Banks in India have been very unfair about passing of interest rate change benefits to their customers. When the interest rate goes up, banks increase the interest rates on loans quickly but not so much for their deposits (like Fixed Deposits, etc). This can be solved to an extent if the loans and deposits both are linked to an external benchmark like Repo Rate. When there is any change in the benchmark the interest rates would be auto-adjusted. So SBI’s linking of Repo rate to saving account interest rate and some loans, it’s a step in right direction.
Also Read: 21 Hidden Charges in Saving Bank Account
SBI Saving Account Interest Rate:
After the change form May 1, 2019:
- SBI offers 3.5% interest on its saving account if the balance is less than Rs 1 Lakh.
- For balance of more than Rs 1 Lakh the saving account interest would be Repo Rate – 2.75%. As of date, the Repo rate is 6% and hence the interest would be 3.25%. This is lower than the small balance account.
This is first major change after the RBI had deregulated Saving account interest rates – which essentially meant that banks were free to set their interest rates. Before being deregulated every bank had to offer minimum interest of 4% on their saving account.
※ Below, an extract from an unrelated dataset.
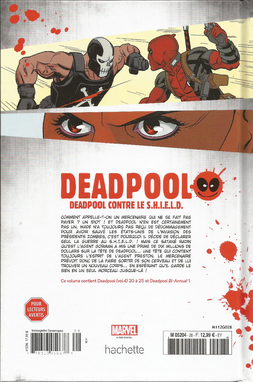 Comment appelle-t-on un mercenaire qui ne se fait pas payer ? Un idiot ! Et Deadpool n’en est certainement pas un . Wade n’a toujours pas reçu de dédommagement pour avoir sauvé les Etats-Unis de l’invasion des présidents zombies, c’est pourquoi il décide de déclarer seul la guerre au S.H.I.E.L.D. ! Mais ce satané radin qu’est l’agent Gorman a mis une prime de dix millions de dollars sur la tête de Deadpool… Une tête qui contient toujours l’esprit de l’agent Preston. Le mercenaire prévoit donc de la faire sortir de son cerveau et de lui trouver un nouveau corps… En espérant qu’il garde le sien en un seul morceau jusque-là !

At present most banks offer 3.5% on their regular saving account.
Along with the saving account, cash credit accounts and overdrafts with limits above Rs 1 lakh will also be linked to the repo rate, plus a spread of 2.25%.
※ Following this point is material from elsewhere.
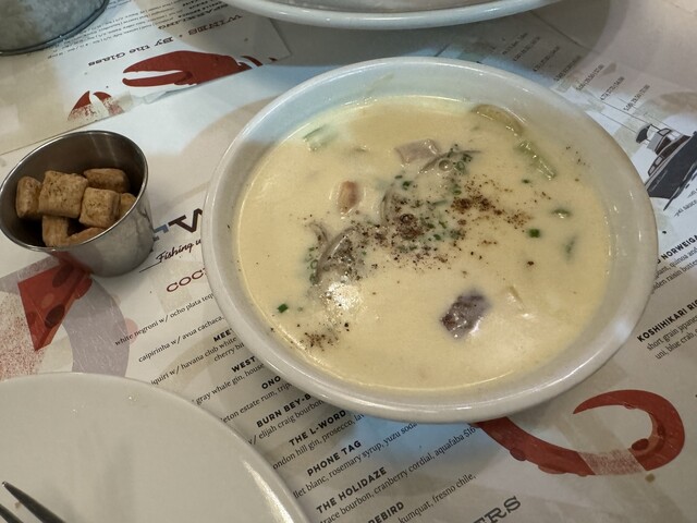 生牡蠣、ホタテのセビーチェ、イングリッシュクラムチャウダー、Steamed Musselsなどを注文。

Also Read:Which bank offers highest interest rate on savings account in India?
How does SBI action impact customers?
I think linking of deposit and loan rates to external benchmark is way to go as it makes transactions more transparent. Its more of an experimental idea and hence SBI has consciously chosen not to impact small depositors & borrowers. If this works out more banks and more products would adopt this practice.
Even after this, the bank still decides on the spread to the benchmark so today SBI decided that it would pay 2.75% less than Repo rate on savings account. Tomorrow it could easily change the 2.75% to 3%. So, the interest rates would still be in control.
Nevertheless, it’s a good move and I hope other major loans like Home, education and deposit products like FD, RD, etc are too marked to external benchmarks.